Le conseguenze riscontrate nelle persone in seguito alla perdita del lavoro sono:
- Perdita di autostima
- Sentimenti di inutilità
- Sensazione di insuccesso professionale che si amplia alla vita familiare
- Difficoltà a trovare un nuovo lavoro o a cambiarlo
- Disorientamento e paralisi (perdita di fiducia rispetto alla possibilità di trovare un’occupazione che ristagna fino a creare una condizione di immobilismo e rassegnazione)
La disoccupazione crea squilibri e conflitti nell’ambiente familiare che comportano un processo di riadattamento e ridefinizione dei ruoli e delle funzioni, che in alcuni casi arrivano ad invertirsi: la donna diventa chi sostiene economicamente la famiglia, i figli maggiori iniziano a svolgere un ruolo attivo, i figli minori abbandonano gli studi.

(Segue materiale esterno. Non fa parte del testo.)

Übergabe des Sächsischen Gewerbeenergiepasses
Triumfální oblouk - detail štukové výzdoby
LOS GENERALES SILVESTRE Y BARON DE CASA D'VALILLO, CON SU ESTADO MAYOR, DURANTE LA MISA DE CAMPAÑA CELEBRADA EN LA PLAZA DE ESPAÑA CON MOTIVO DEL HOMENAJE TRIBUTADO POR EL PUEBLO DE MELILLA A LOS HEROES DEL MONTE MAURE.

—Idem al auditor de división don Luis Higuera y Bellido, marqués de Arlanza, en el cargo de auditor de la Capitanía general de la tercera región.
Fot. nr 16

Anche se i risultati delle ricerche suggeriscono che la disoccupazione incida negativamente più sugli adulti che sui giovani, questo non significa che i giovani non siano esenti dal subirne conseguenze considerevoli. Paragonando il benessere psichico dei giovani disoccupati con lavoratori della stessa età, risulta che i disoccupati abbiano livelli più bassi di benessere psicologico generale, sperimentino più spesso sintomi depressivi e ansiosi, sviluppino un’immagine di sé più negativa e un livello inferiore di autostima.

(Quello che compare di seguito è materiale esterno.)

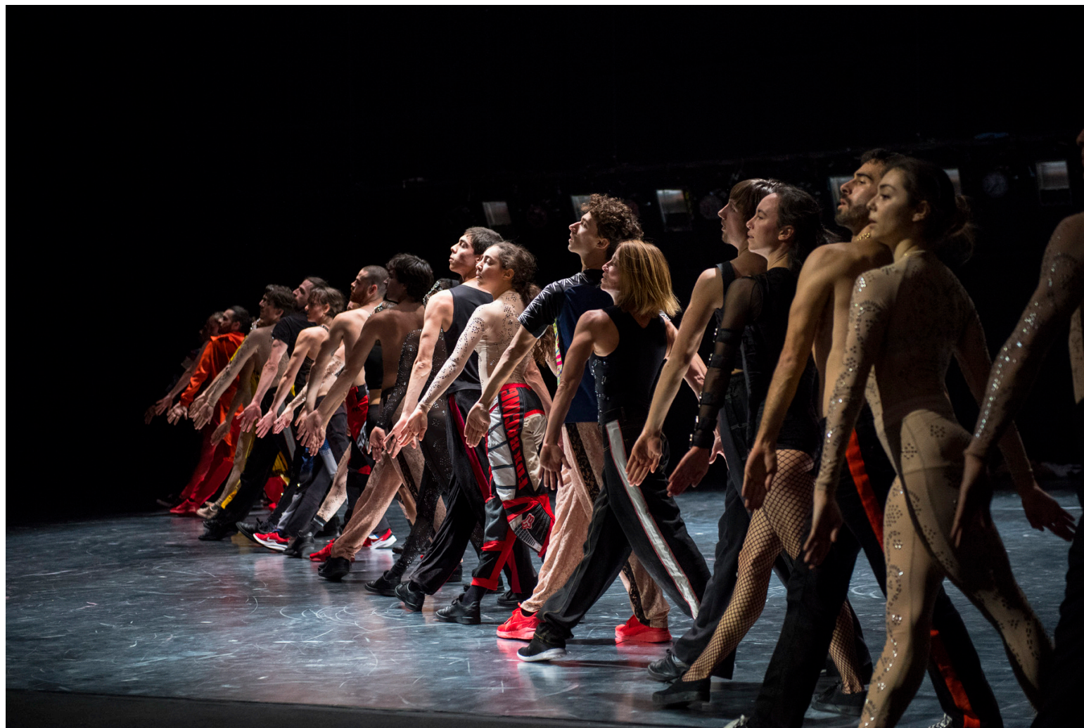
CCN-Ballet de Lorraine, Static Shot , chorégraphie Maud Le Pladec

Le CCN - Ballet de Lorraine est soutenu par le Ministère de la Culture – DRAC Grand-Est, Le Conseil Régional Grand-Est et la Ville de Nancy
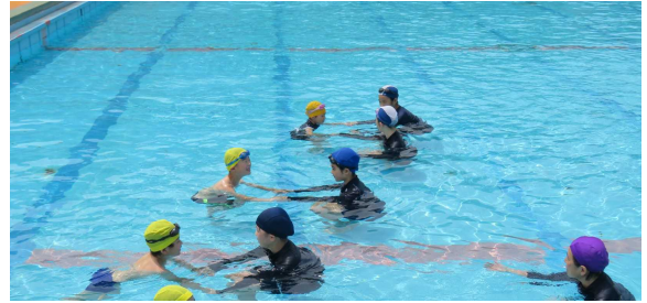
【1年生と6年生のプール開きの様子から】

6月12日(月)にプール開きを行い、各学年の指導内容に応じた浮く力、泳ぐ力の学習をがんばっています。指導時間は、約8時間で各学年が目標とする泳力を高めています。今年は、水泳指導員の先生方をゲストティーチャーにお招きして指導しています。命を水から守る学習も行います。

Quando si parla di disoccupazione femminile, la questione si complica ulteriormente. Alcuni studi hanno rilevato che mentre le donne si percepiscono in modo positivo come lavoratrici, tendono a vedere la loro carriera professionale futura con maggiore pessimismo rispetto agli uomini, perché la ricerca del lavoro o il mantenimento di una posizione lavorativa è spesso condizionata e minacciata dalla discriminazione a causa del loro aspetto fisico, dello stato civile o per le responsabilità familiari che hanno. Le donne attribuiscono al lavoro un valore importante perché legato alla loro indipendenza e al loro controllo personale. Pertanto, la perdita del lavoro equivale ad una perdita di diritti e ad un ritorno ai ruoli tradizionali.

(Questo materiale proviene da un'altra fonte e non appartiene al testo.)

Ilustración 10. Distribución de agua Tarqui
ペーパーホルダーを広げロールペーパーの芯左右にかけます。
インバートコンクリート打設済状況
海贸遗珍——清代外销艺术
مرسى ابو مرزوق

Tra tutte le variabili considerate nella modulazione degli effetti di stress causati dalla disoccupazione, quella che si è rivelata più efficace è il sostegno sociale, che si configura come un potente fattore protettivo nel mantenimento e nel recupero del benessere psicologico e fisico della persona disoccupata. Il sostegno sociale è definito come la sensazione soggettiva (quindi non effettiva, ma percepita dal soggetto) di appartenere ad un gruppo e di sentirsi accettati al suo interno, e può manifestarsi in diversi modi: qualcuno da cui si ricevono aiuti economici, qualcuno con cui poter discutere i problemi quotidiani, qualcuno a cui suggerire cose interessanti da fare, qualcuno che incoraggia quando l’altro si sente giù di morale, qualcuno che da informazioni sui posti di lavoro disponibili sul mercato e sull’assicurazione contro la disoccupazione.
Dal punto di vista psicologico, è importante comprendere quali effetti la disoccupazione generi sul piano cognitivo, emotivo e relazionale, e strutturare interventi che puntino ad aiutare la persona a recuperare l’autostima e le risorse necessarie per contrastare la frustrazione, la rassegnazione e l’inattività tipiche della condizione di disoccupato.